- [Required action]: In the listing below, find the line containing "Mitten mang dei" and the line containing "Now, the Dynamicweb", then copy exactly everything from the first through the second, except the pictures.

- [Data provided]:
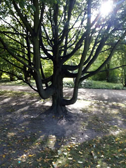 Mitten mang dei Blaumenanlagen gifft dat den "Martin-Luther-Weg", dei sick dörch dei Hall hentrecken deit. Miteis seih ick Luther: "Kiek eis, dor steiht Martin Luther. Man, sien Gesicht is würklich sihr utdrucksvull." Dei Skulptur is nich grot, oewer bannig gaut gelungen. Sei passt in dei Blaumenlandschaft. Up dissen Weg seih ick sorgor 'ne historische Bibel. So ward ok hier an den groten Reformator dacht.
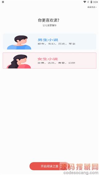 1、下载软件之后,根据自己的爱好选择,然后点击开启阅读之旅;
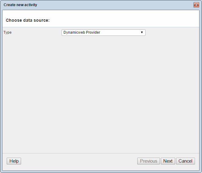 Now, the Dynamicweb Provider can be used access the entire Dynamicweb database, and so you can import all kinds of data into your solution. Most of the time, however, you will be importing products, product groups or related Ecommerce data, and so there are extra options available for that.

--

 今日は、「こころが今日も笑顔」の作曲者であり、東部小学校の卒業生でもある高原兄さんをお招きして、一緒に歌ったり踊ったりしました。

- [Reply]:
 Mitten mang dei Blaumenanlagen gifft dat den "Martin-Luther-Weg", dei sick dörch dei Hall hentrecken deit. Miteis seih ick Luther: "Kiek eis, dor steiht Martin Luther. Man, sien Gesicht is würklich sihr utdrucksvull." Dei Skulptur is nich grot, oewer bannig gaut gelungen. Sei passt in dei Blaumenlandschaft. Up dissen Weg seih ick sorgor 'ne historische Bibel. So ward ok hier an den groten Reformator dacht.
 1、下载软件之后,根据自己的爱好选择,然后点击开启阅读之旅;
 Now, the Dynamicweb Provider can be used access the entire Dynamicweb database, and so you can import all kinds of data into your solution. Most of the time, however, you will be importing products, product groups or related Ecommerce data, and so there are extra options available for that.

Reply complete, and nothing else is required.